The Nadgee to Mallacoota Inlet Important Bird Area comprises some 385 sqkm of coastal and subcoastal land at the south-eastern corner of the Australian continent, where Cape Howe marks the junction between the Tasman Sea and Bass Strait, as well as the eastern end of the state border between New South Wales and Victoria. It includes the whole of the 207 sqkm Nadgee Nature Reserve in New South Wales with the adjoining 167 sqkm eastern section of the Croajingolong National Park in East Gippsland, Victoria. The western border of the site is formed by Mallacoota Inlet.

==Description==
The habitat contained in the IBA is mainly a mosaic of coastal heath and eucalypt woodland, including patches of temperate rainforest, wet heath, sedge swamp, dune swales and dry shrubland. Its temperate coastal vegetation constitutes one of the least disturbed such areas on the mainland of Australia, giving it a nationally significant level of structural and floristic integrity.

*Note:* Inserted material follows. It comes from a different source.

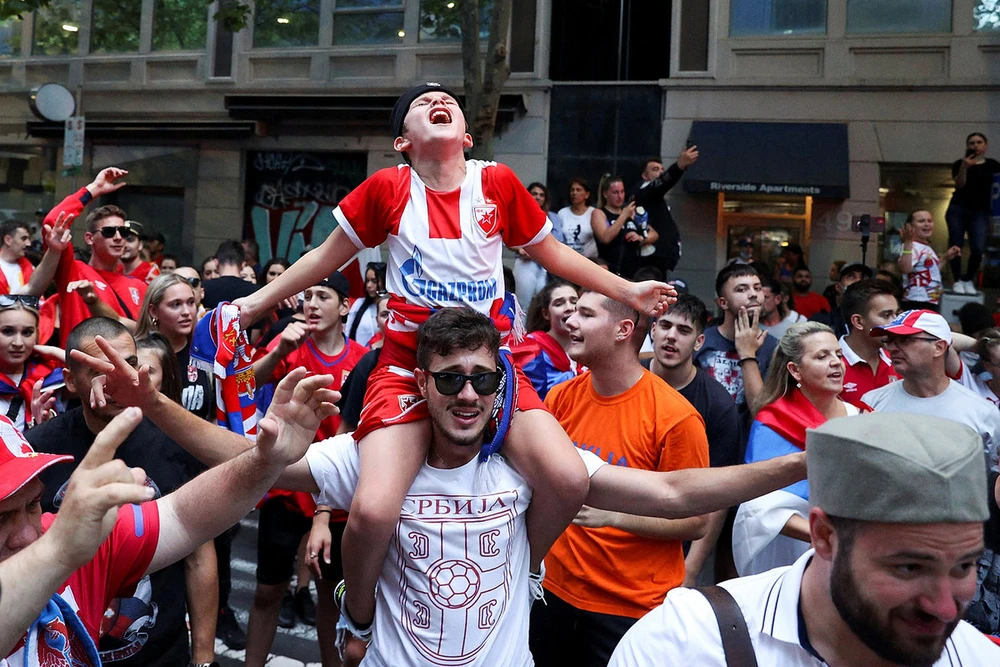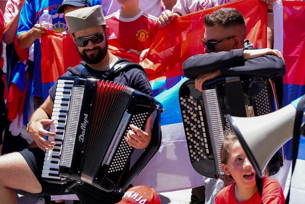 Cờ xí và đàn acordeon, dân Serbia ăn mừng chiến thắng.
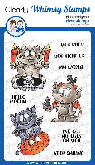 Clearly Whimsy Stamps Collection "Gargoyle and Friends" illustrated by Dustin Pike for Whimsy Stamps. High quality photopolymer clear stamps, use with an acrylic block Approximate size in inches: 4 x 6 polymer sheet.

Among the plants are six rare and several restricted species, with 24 species at their southern distributional limit.

==Fauna==
===Birds===
The site has been identified by BirdLife International as an Important Bird Area (IBA) because it supports the isolated southernmost population of the endangered eastern bristlebird, with an estimated size of 300 individuals, as well as a population of pilotbirds. Other birds for which the IBA is important include ground parrots, pied and sooty oystercatchers, powerful, sooty and masked owls, pink robins, striated fieldwrens and hooded plovers.

===Mammals===
Mammals found in the area include long-nosed potoroos, southern brown bandicoots, yellow-bellied gliders, tiger quolls and dingos.